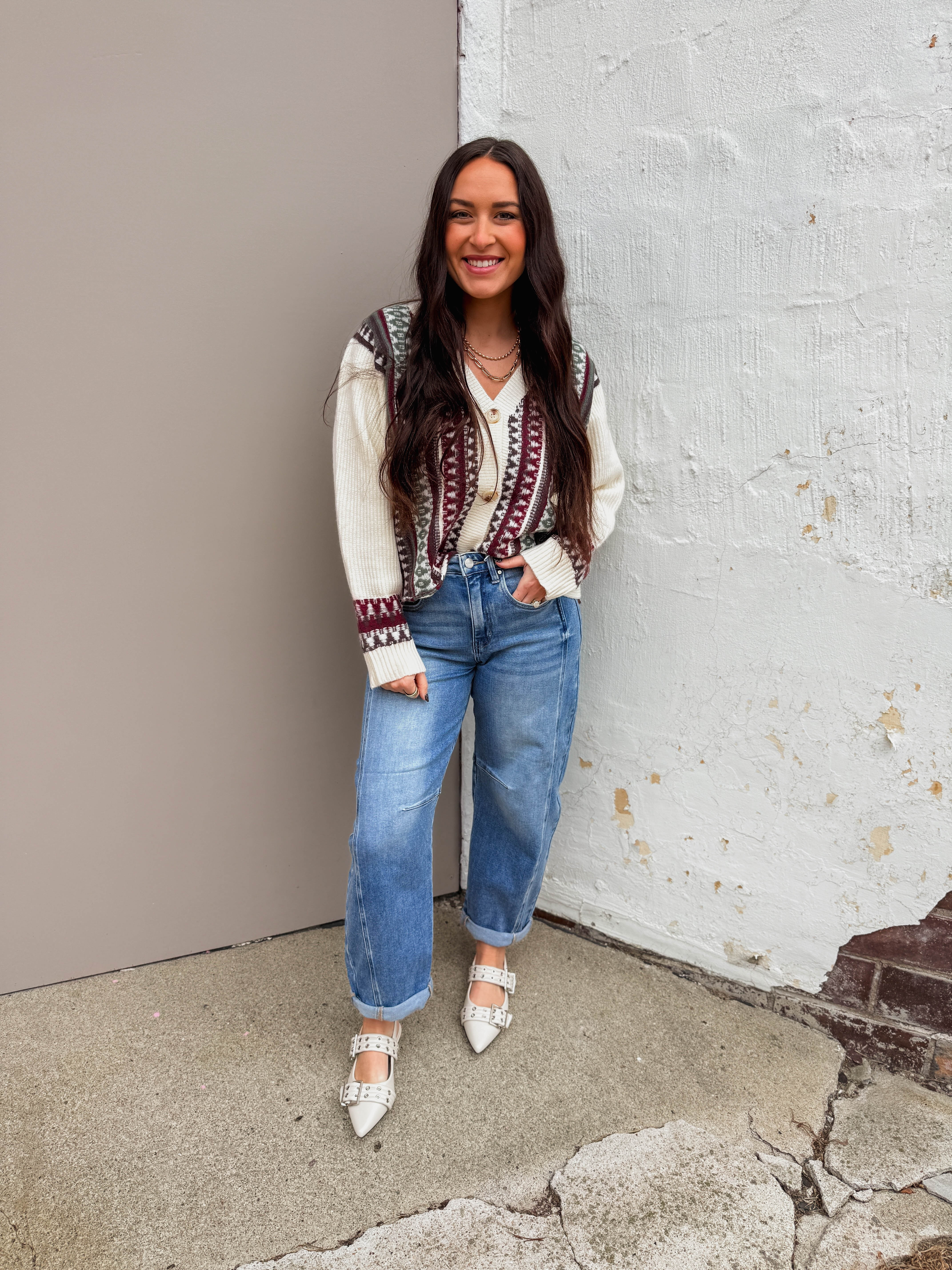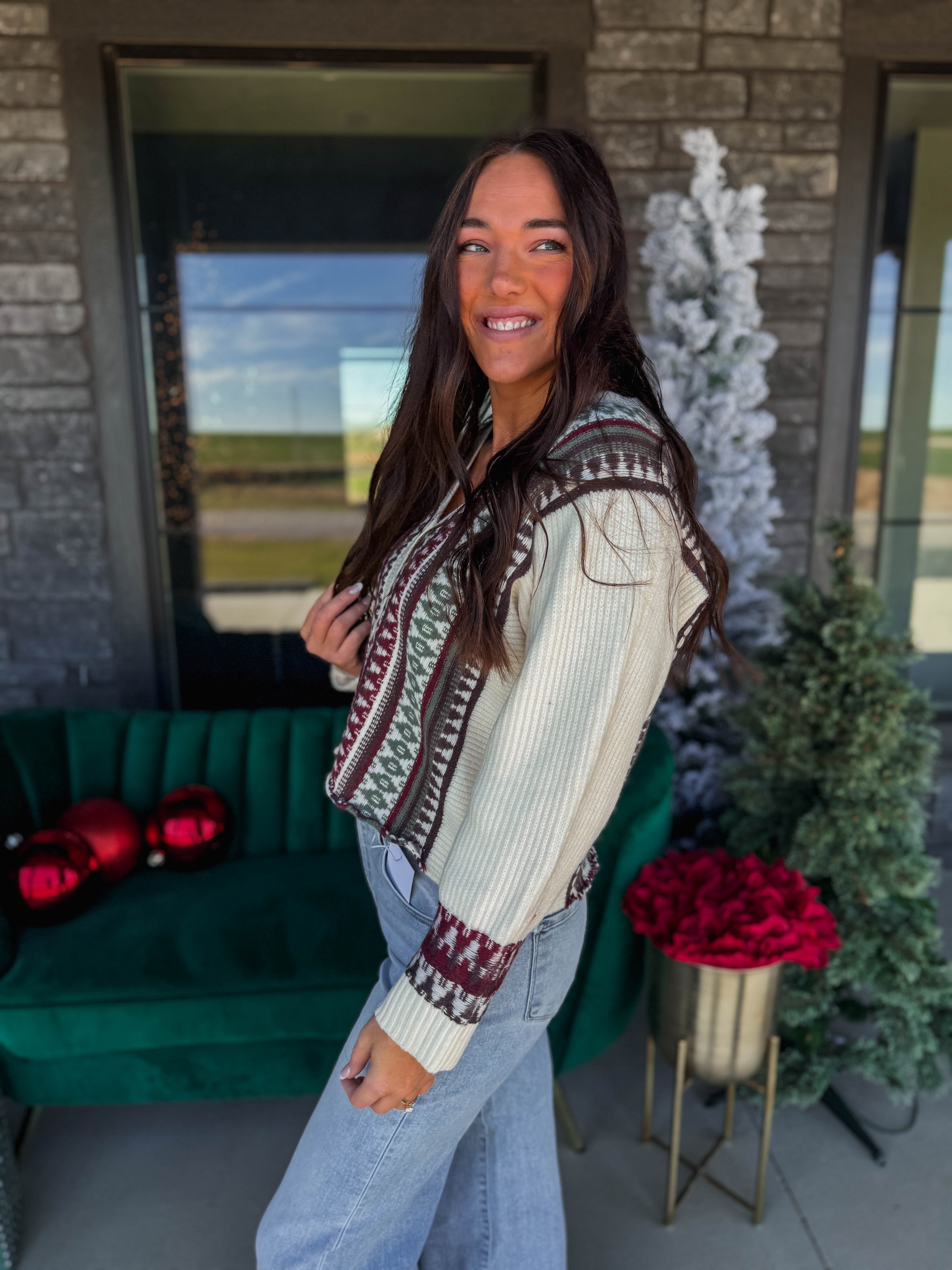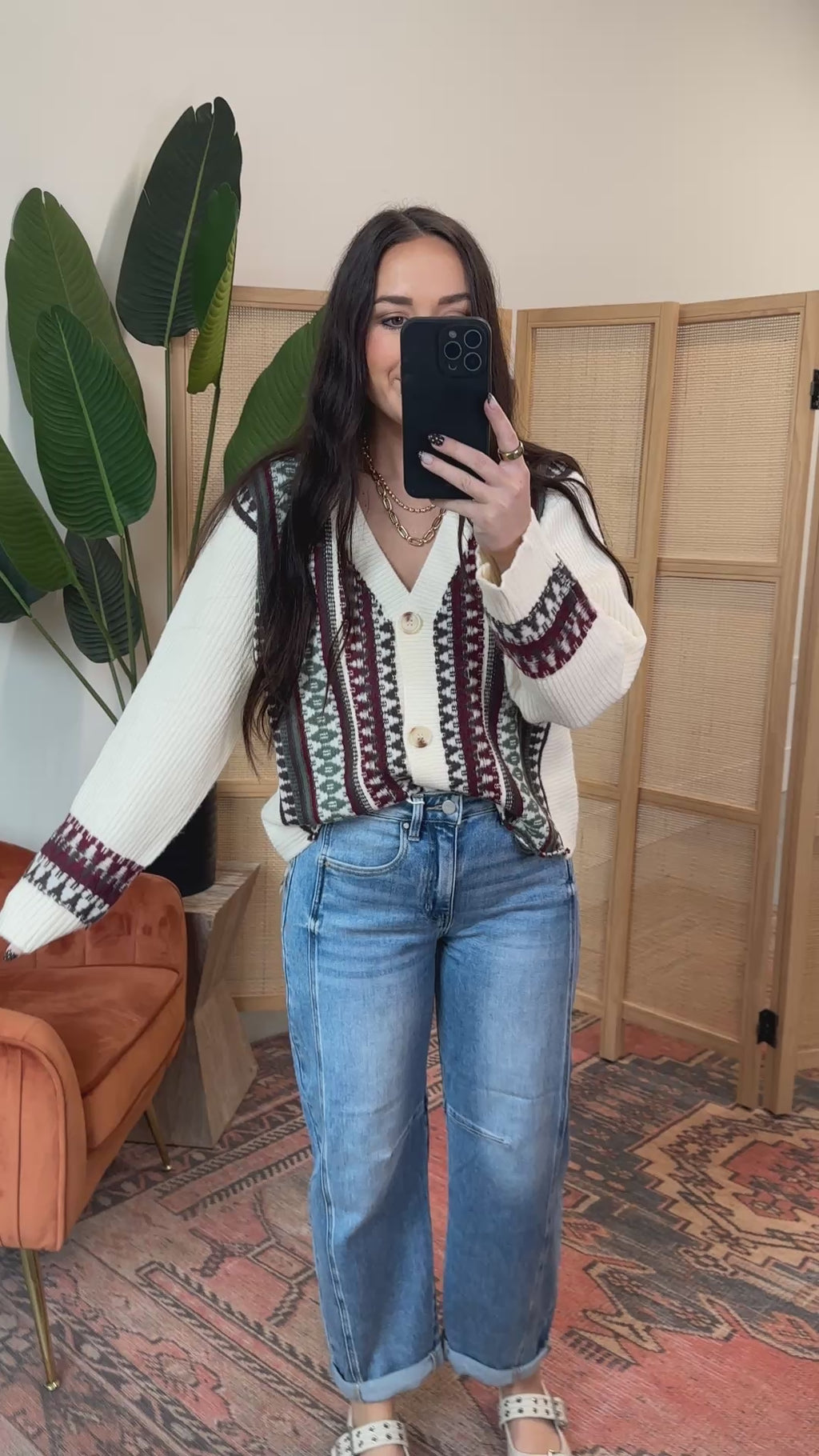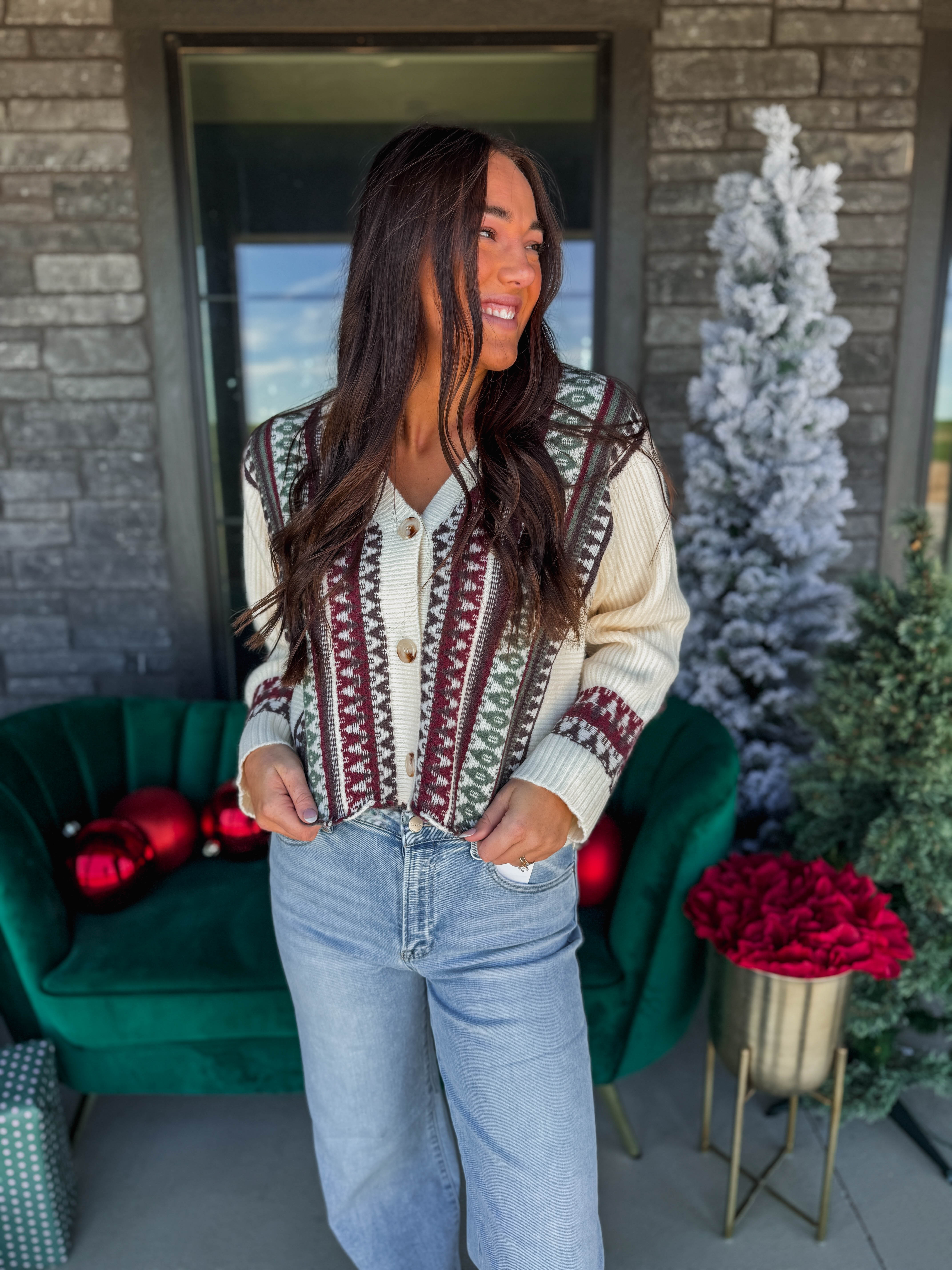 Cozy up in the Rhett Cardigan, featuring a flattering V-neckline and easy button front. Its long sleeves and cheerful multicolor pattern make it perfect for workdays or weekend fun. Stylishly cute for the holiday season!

□ □ □

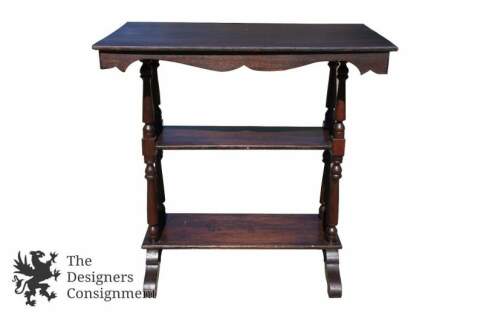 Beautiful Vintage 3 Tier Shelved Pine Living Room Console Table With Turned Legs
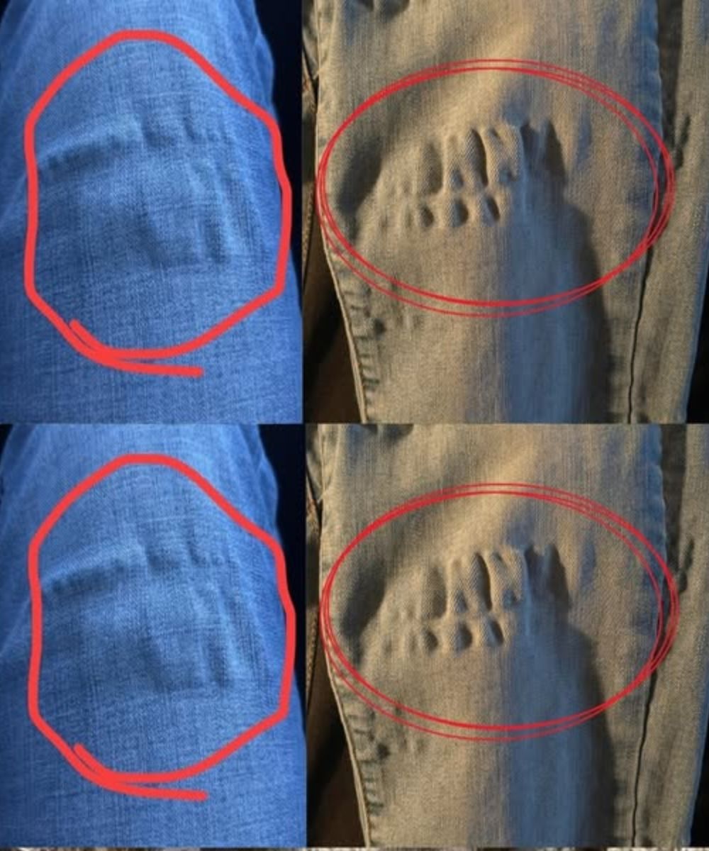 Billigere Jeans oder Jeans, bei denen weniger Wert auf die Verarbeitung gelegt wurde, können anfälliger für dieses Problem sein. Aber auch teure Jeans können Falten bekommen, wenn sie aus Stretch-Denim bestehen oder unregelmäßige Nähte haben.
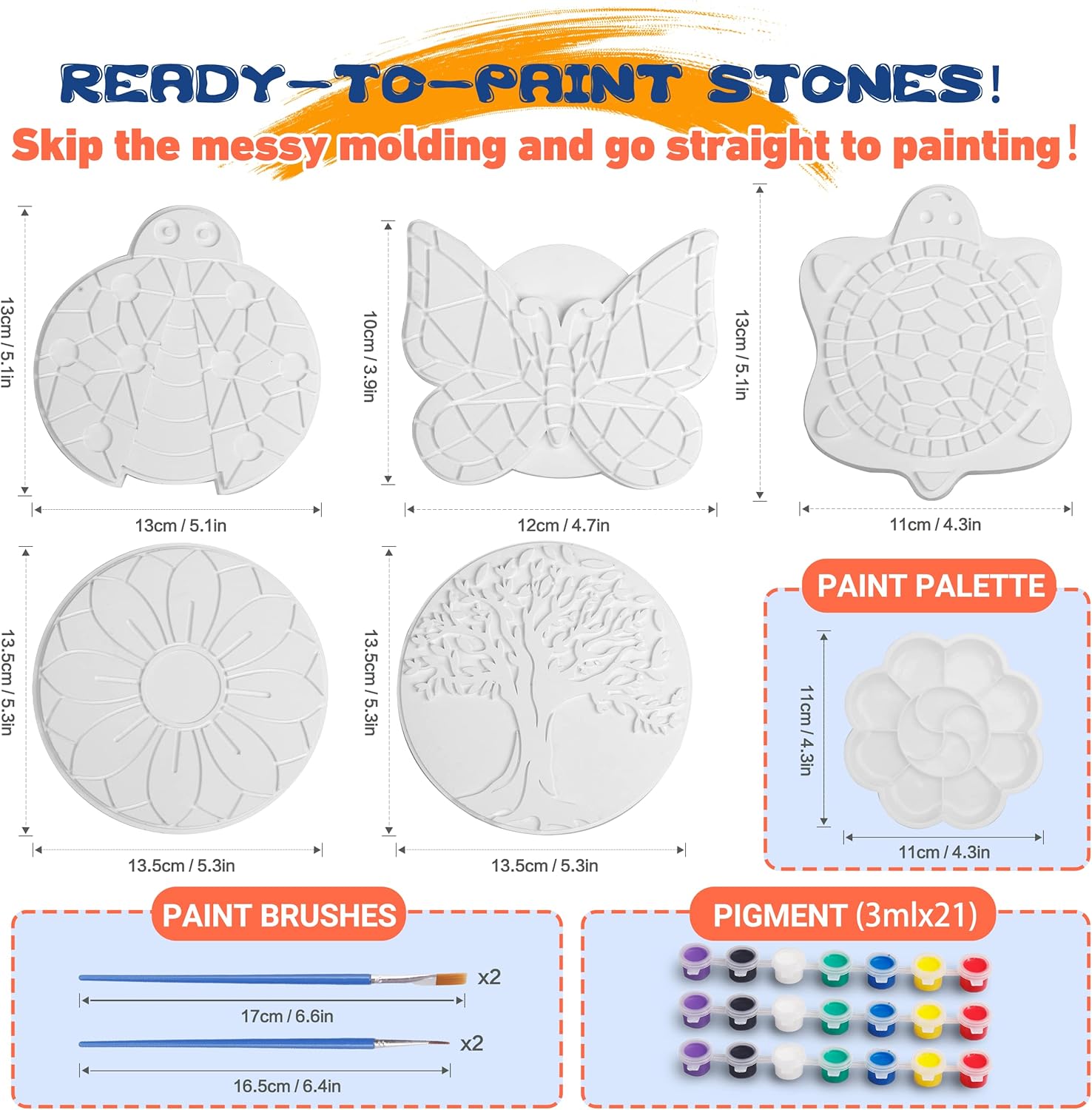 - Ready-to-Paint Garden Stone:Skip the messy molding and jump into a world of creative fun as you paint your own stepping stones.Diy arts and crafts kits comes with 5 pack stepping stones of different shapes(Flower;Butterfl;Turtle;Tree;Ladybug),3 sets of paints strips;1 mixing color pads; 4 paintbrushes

□ □ □

- _PROBLEM TO WORK ON_
Out of the records above, set down only the lines from the one that contains "Billigere Jeans oder" through the one that contains "- Ready-to-Paint Garden", unchanged and without the pictures.

- _ANSWER TO THIS TASK_
 Billigere Jeans oder Jeans, bei denen weniger Wert auf die Verarbeitung gelegt wurde, können anfälliger für dieses Problem sein. Aber auch teure Jeans können Falten bekommen, wenn sie aus Stretch-Denim bestehen oder unregelmäßige Nähte haben.
 - Ready-to-Paint Garden Stone:Skip the messy molding and jump into a world of creative fun as you paint your own stepping stones.Diy arts and crafts kits comes with 5 pack stepping stones of different shapes(Flower;Butterfl;Turtle;Tree;Ladybug),3 sets of paints strips;1 mixing color pads; 4 paintbrushes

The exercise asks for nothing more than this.